**What you are asked to do**
Taking the entries below, transcribe only the lines starting with the one with "В реальности гигантское" and going on through the one with "This Rockwood has", exactly as written, without the pictures.

**Input material**
──────────────────────────────

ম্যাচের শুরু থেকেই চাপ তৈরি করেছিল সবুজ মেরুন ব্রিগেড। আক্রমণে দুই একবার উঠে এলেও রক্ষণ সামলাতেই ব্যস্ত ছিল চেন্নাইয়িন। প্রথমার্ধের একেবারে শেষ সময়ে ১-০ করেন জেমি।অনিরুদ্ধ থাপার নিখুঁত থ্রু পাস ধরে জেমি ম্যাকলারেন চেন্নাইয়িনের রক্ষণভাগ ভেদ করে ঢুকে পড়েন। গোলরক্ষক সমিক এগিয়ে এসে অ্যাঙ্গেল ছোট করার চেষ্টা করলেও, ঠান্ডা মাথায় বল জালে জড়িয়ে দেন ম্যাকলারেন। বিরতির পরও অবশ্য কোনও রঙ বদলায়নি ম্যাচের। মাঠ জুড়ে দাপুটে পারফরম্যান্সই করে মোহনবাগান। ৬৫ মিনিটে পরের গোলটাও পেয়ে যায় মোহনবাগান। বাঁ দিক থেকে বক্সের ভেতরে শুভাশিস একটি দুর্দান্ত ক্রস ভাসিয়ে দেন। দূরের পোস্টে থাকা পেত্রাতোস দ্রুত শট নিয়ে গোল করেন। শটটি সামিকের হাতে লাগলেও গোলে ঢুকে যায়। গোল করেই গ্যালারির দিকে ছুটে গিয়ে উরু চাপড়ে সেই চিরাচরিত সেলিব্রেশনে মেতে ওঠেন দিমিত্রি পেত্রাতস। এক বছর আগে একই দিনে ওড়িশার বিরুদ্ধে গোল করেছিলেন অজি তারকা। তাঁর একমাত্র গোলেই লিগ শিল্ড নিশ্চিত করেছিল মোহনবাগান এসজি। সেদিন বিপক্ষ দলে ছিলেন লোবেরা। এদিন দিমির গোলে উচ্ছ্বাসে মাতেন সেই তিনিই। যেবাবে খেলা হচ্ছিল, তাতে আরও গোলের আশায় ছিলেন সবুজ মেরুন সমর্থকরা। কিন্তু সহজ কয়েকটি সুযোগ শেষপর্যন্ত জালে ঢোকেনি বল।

──────────────────────────────

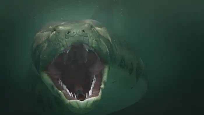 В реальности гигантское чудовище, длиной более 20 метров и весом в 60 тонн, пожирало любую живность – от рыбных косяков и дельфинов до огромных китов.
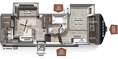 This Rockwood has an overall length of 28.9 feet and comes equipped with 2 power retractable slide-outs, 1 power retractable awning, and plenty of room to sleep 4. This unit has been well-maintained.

──────────────────────────────

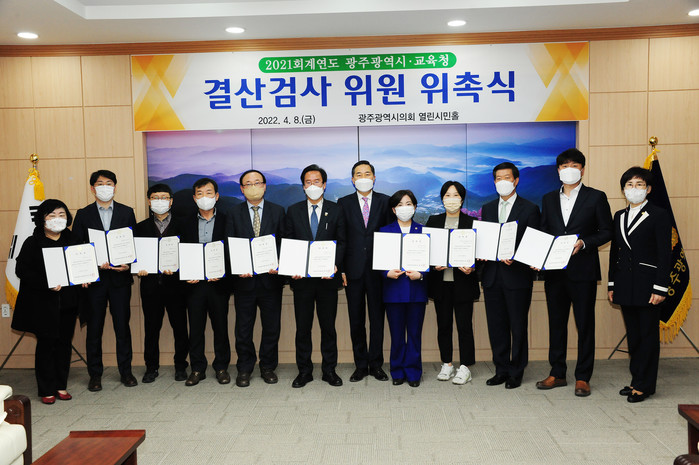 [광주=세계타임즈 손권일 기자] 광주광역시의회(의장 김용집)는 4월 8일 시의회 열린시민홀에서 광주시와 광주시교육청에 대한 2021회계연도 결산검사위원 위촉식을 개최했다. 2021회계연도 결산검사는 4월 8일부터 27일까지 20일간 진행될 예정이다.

──────────────────────────────

**Task result**
 В реальности гигантское чудовище, длиной более 20 метров и весом в 60 тонн, пожирало любую живность – от рыбных косяков и дельфинов до огромных китов.
 This Rockwood has an overall length of 28.9 feet and comes equipped with 2 power retractable slide-outs, 1 power retractable awning, and plenty of room to sleep 4. This unit has been well-maintained.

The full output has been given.